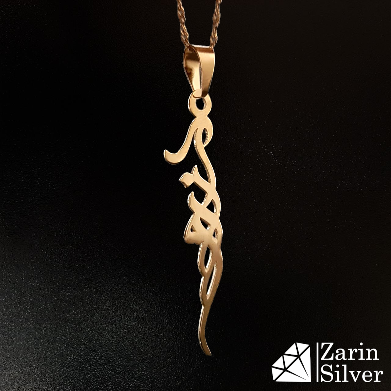 این گردنبند نقره به زبان فارسی و با خط نستعلیق طراحی شده و حروف اسم آرزو به صورتی در کنار یکدیگر قرار گرفته اند که حالتی ناخوانا به پلاک نقره اسم بخشیده اند به طوی که شاید پلاک بسیاری از انسان ها قادر به خواندن اسم آرزو در این پلاک نقره نباشند
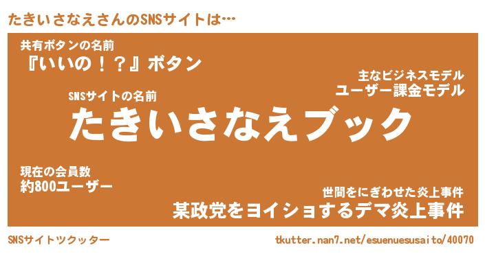 | 男性向けラノベタイトル風あだ名 | 『タキイサナエアートオンライン』 |
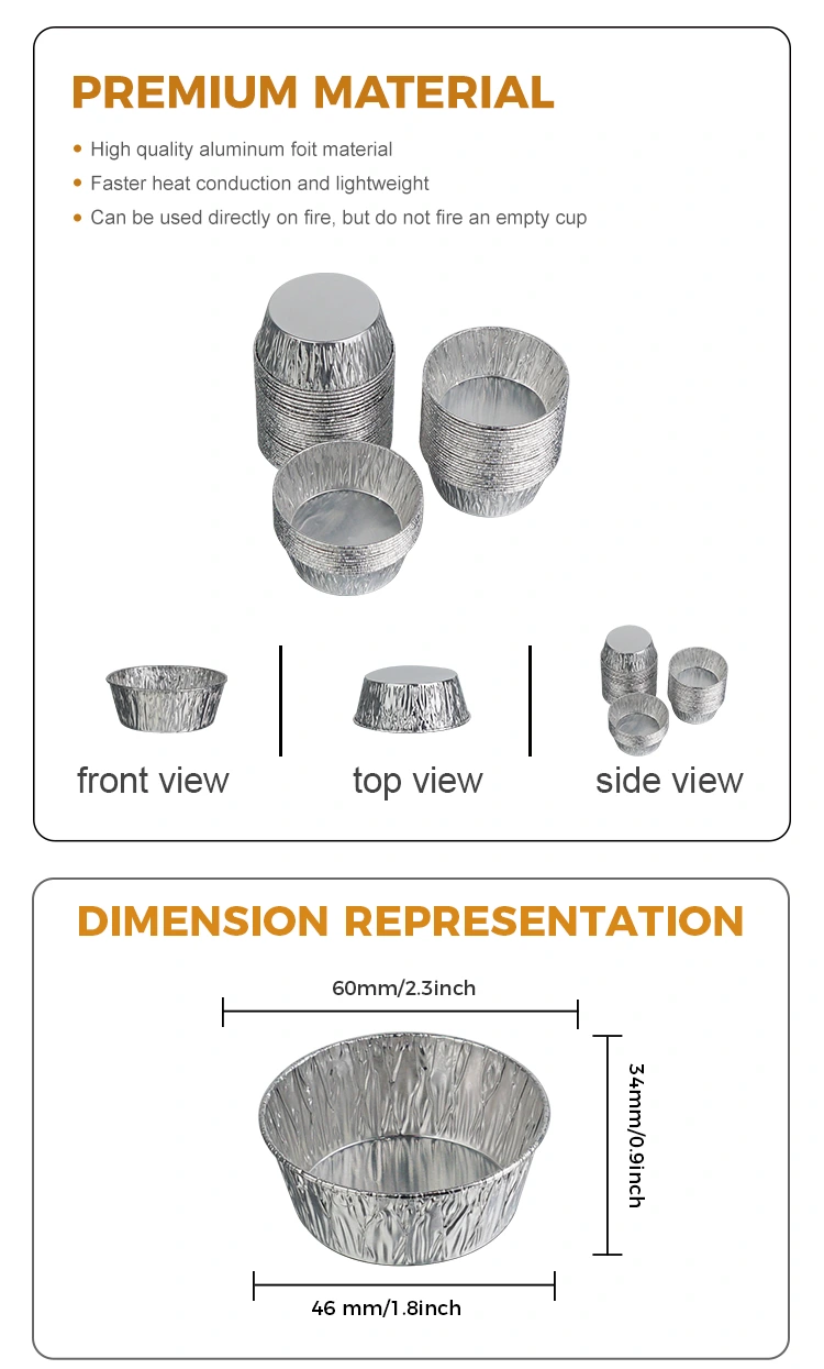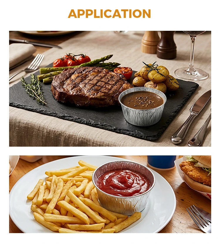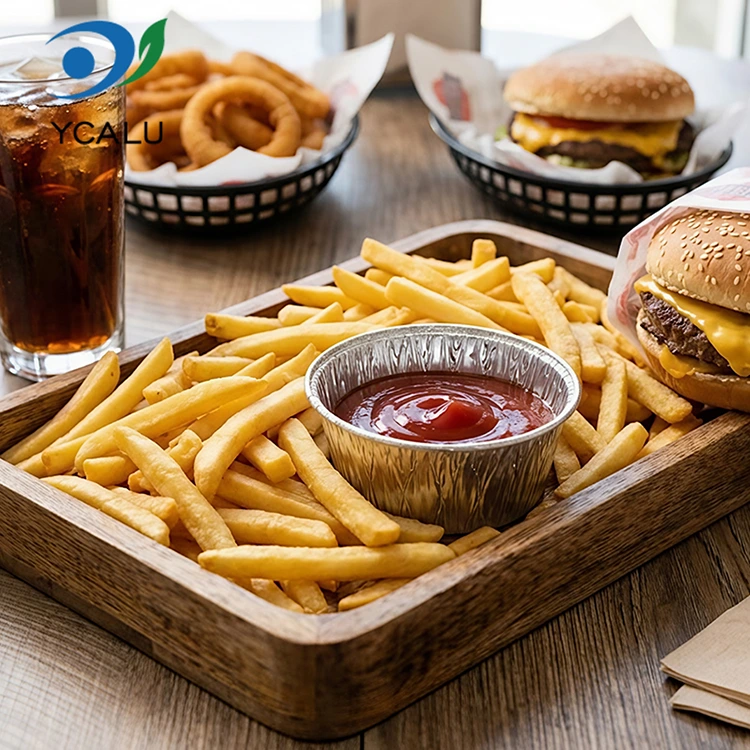 Yunchu Aluminiumfolienlieferant, Einweg-Luftfritteuse mit runder Soße, silberner Aluminiumfolienbehälter, Aluminiumfolienmaterial in Lebensmittelqualität, kein Geruch, keine Schwermetallrückstände, entspricht den Lebensmittelkontaktstandards, hohe Reinheit und stabile chemische Eigenschaften. Selbst wenn es mit sauren Soßen gefüllt und auf hohe Temperaturen erhitzt wird, werden keine Schadstoffe freigesetzt und Sie können sich bei direktem Kontakt mit Lebensmitteln vollkommen sicher fühlen. Das Produkt hat die FDA-Zertifizierung für Lebensmittelqualität bestanden und hält sich strikt an die FDA 21 CFR-bezogenen Standards. Nach professionellen Migrationstests und Schwermetallerkennung liegt der Gehalt an Schadstoffen wie Blei und Cadmium weit unter der Sicherheitsschwelle und die Qualifikationen sind vollständig. Ob für den privaten oder gewerblichen Gebrauch, Sie können beruhigt wählen. Verwenden Sie es zum Portionieren von Saucen zum Marinieren von Fleisch, Salatdressings für Gemüse und Essiggerichten zum Dippen von Knödeln. Die Portionen sind genau richtig, ohne zu verschwenden. Es kann auch die Übertragung von Gerüchen verhindern und kann ordentlich im Kühlschrank aufbewahrt werden, ohne Platz zu beanspruchen. Takeaway-Händler lagern darin Saucen, die versiegelt und auslaufsicher sind und sauber an die Kunden geliefert werden. Ganz gleich, ob es sich um Ketchup, süße Chilisauce oder dicke Sesamsauce handelt, es besteht keine Gefahr, dass Lebensmittel auslaufen und verschmutzt werden. Sogar für Picknicks und Camping im Freien können Sie ein paar davon mitnehmen und sie zum Aufbewahren von Dip-Saucen verwenden. Es ist leicht und nimmt keinen Platz ein. Sie können es direkt nach Gebrauch wegwerfen. Sie müssen nicht viele schmutzige Behälter mit nach Hause schleppen. Es geht vor allem um Leichtigkeit und Störungsfreiheit.
◆ ◆ ◆ ◆
Give back every line of the material exactly as written, but not the pictures.

- [WRITTEN REPLY]:
 این گردنبند نقره به زبان فارسی و با خط نستعلیق طراحی شده و حروف اسم آرزو به صورتی در کنار یکدیگر قرار گرفته اند که حالتی ناخوانا به پلاک نقره اسم بخشیده اند به طوی که شاید پلاک بسیاری از انسان ها قادر به خواندن اسم آرزو در این پلاک نقره نباشند
 | 男性向けラノベタイトル風あだ名 | 『タキイサナエアートオンライン』 |
 Yunchu Aluminiumfolienlieferant, Einweg-Luftfritteuse mit runder Soße, silberner Aluminiumfolienbehälter, Aluminiumfolienmaterial in Lebensmittelqualität, kein Geruch, keine Schwermetallrückstände, entspricht den Lebensmittelkontaktstandards, hohe Reinheit und stabile chemische Eigenschaften. Selbst wenn es mit sauren Soßen gefüllt und auf hohe Temperaturen erhitzt wird, werden keine Schadstoffe freigesetzt und Sie können sich bei direktem Kontakt mit Lebensmitteln vollkommen sicher fühlen. Das Produkt hat die FDA-Zertifizierung für Lebensmittelqualität bestanden und hält sich strikt an die FDA 21 CFR-bezogenen Standards. Nach professionellen Migrationstests und Schwermetallerkennung liegt der Gehalt an Schadstoffen wie Blei und Cadmium weit unter der Sicherheitsschwelle und die Qualifikationen sind vollständig. Ob für den privaten oder gewerblichen Gebrauch, Sie können beruhigt wählen. Verwenden Sie es zum Portionieren von Saucen zum Marinieren von Fleisch, Salatdressings für Gemüse und Essiggerichten zum Dippen von Knödeln. Die Portionen sind genau richtig, ohne zu verschwenden. Es kann auch die Übertragung von Gerüchen verhindern und kann ordentlich im Kühlschrank aufbewahrt werden, ohne Platz zu beanspruchen. Takeaway-Händler lagern darin Saucen, die versiegelt und auslaufsicher sind und sauber an die Kunden geliefert werden. Ganz gleich, ob es sich um Ketchup, süße Chilisauce oder dicke Sesamsauce handelt, es besteht keine Gefahr, dass Lebensmittel auslaufen und verschmutzt werden. Sogar für Picknicks und Camping im Freien können Sie ein paar davon mitnehmen und sie zum Aufbewahren von Dip-Saucen verwenden. Es ist leicht und nimmt keinen Platz ein. Sie können es direkt nach Gebrauch wegwerfen. Sie müssen nicht viele schmutzige Behälter mit nach Hause schleppen. Es geht vor allem um Leichtigkeit und Störungsfreiheit.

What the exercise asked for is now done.